Löst Wermuth einen neuen «Brunner»-Effekt aus?

Wählt Frauen! Dazu ruft die Inlandchefin dieser Zeitung in der Ausgabe vom Wochenende auf. Im Fokus hatte sie die anstehenden Ersatzwahlen in den Bundesrat – wie auch die Nationalratswahlen 2019. Dies generell – zudem aber mit Blick auf die Ständeratsnomination der SP Aargau. Dass die Sozialdemokraten einem Mann den Vorzug gegeben haben, sollten die bürgerlichen Parteien als Schwäche der SP nutzen – und eigene Frauen aufbauen.

Das Szenario erinnert an das Jahr 1993. Damals wurde in Bern nicht Christiane Brunner zur SP-Bundesrätin gewählt, sondern deren Parteikamerad Francis Matthey. Die Genossinnen traten ihm kräftig auf die Füsse – Politik ist in Wahlzeiten eine Kampfsportart –, worauf er nach einer Bedenkfrist verzichtete. Gewählt wurde schliesslich Ruth Dreifuss.

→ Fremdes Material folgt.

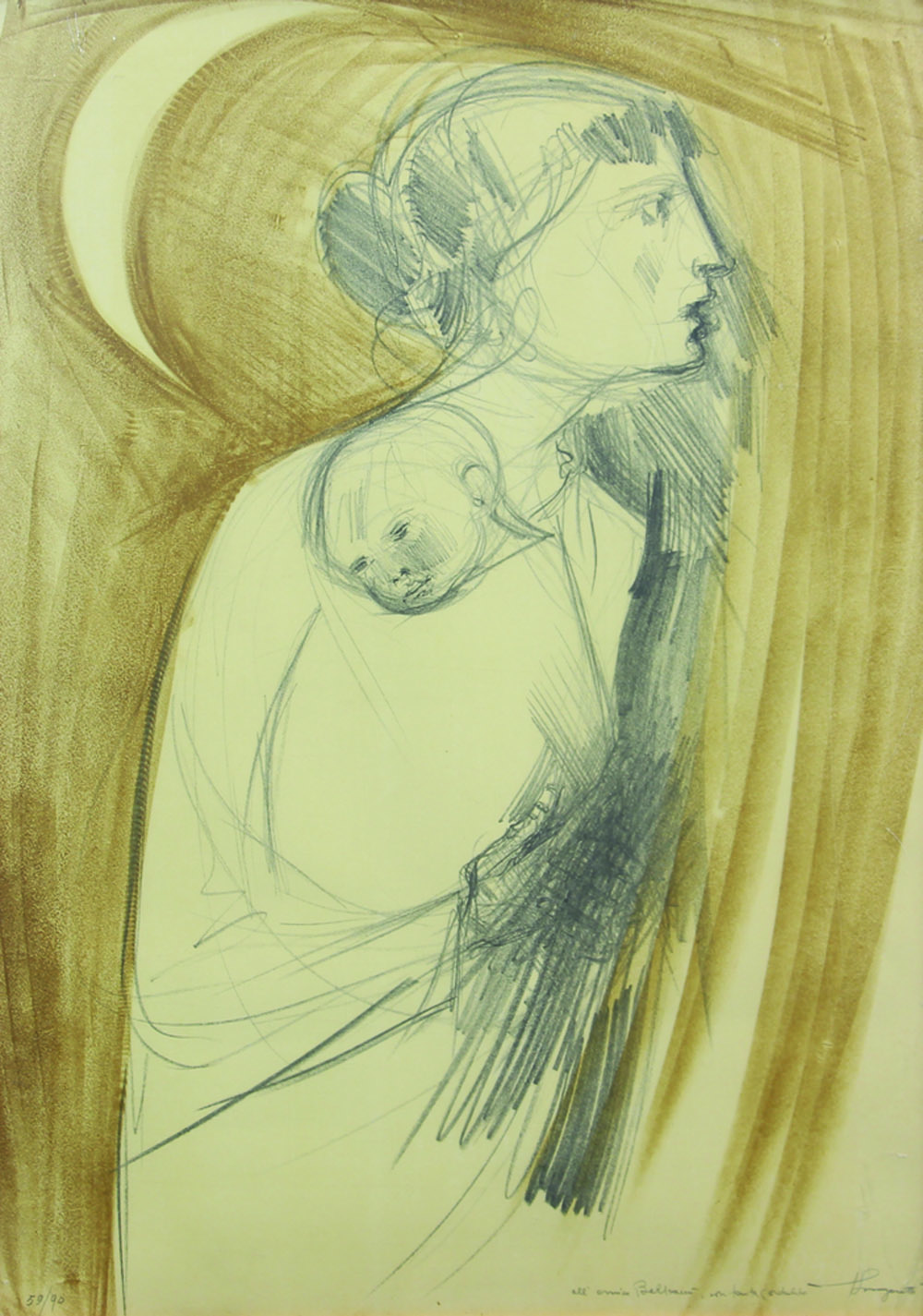 Lotto 2 | Trento Longaretti, Maternità, litografia su carta, cm. 70x50, es. 59/90,...

Die Ereignisse rund um die Nicht-Wahl von Brunner und die Personen Brunner und Dreifuss als Sympathieträgerinnen führten zu einer seit der Einführung des Frauenstimmrechts nicht mehr gesehenen Solidarisierung der Schweizer Frauen. Die zu diesem Zeitpunkt eingeschlafene Frauenbewegung mobilisierte sich, was zu einem Druck auf Verbände, Gewerkschaften und Parteien führte und Frauenthemen und -forderungen wieder auf die Tagesordnung brachte.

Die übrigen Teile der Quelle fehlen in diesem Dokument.